How it works
A Mortise lock includes a latch and dead latch pin. When the lock is in the closed position, the latch is extended (securing the door) and the dead latch pin is pushed in. This internally pins the latch so that the door can’t be opened by sliding a plastic card in against the latch. The device operates the latch and dead latch pin as follows: In the secure condition, the latch is captured in a cavity against the latch plunger while the dead latch pin is pushed in by a flush finger plate. The lock is released in two quick steps. First the finger plate draws back which releases the dead latch pin and then the latch plunger and finger plate move forward together which releases the door. When the door is re-closed, the device automatically re-secures it including re-establishing full dead latch security.

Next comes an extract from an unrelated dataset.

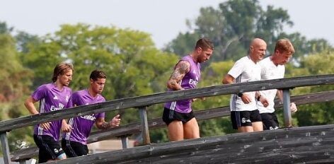 Sergio Ramos, James Rodríguez y Luka Modric continúan con su puesta a punto con entrenamiento por separado del resto tras la llegada del Real Madrid a Ann Harbor (Michigan) para enfrentarse al Chelsea de Antonio Conte este sábado.

Adjustment to any mortise lock
The chief problem with procuring electric strikes to work with North American Mortise Locks is that there is no standard or commonality among the lock manufacturers as to the vertical position of the latch and dead latch pin in the standard ANSI 4 7/8 door preparation. This means that the electric strike must be specified and purchased individually to suit the particular Lock model on the door. The device is set by the installer in the field, just prior to installation, to correspond to the Lock model. The latch cavity can be moved anywhere on the mortise face with the finger plate occupying the space above and below the latch cavity. The instructions show the correct setting for all North American mortise lock models and adjustment is done quickly with a screw driver and allen wrench.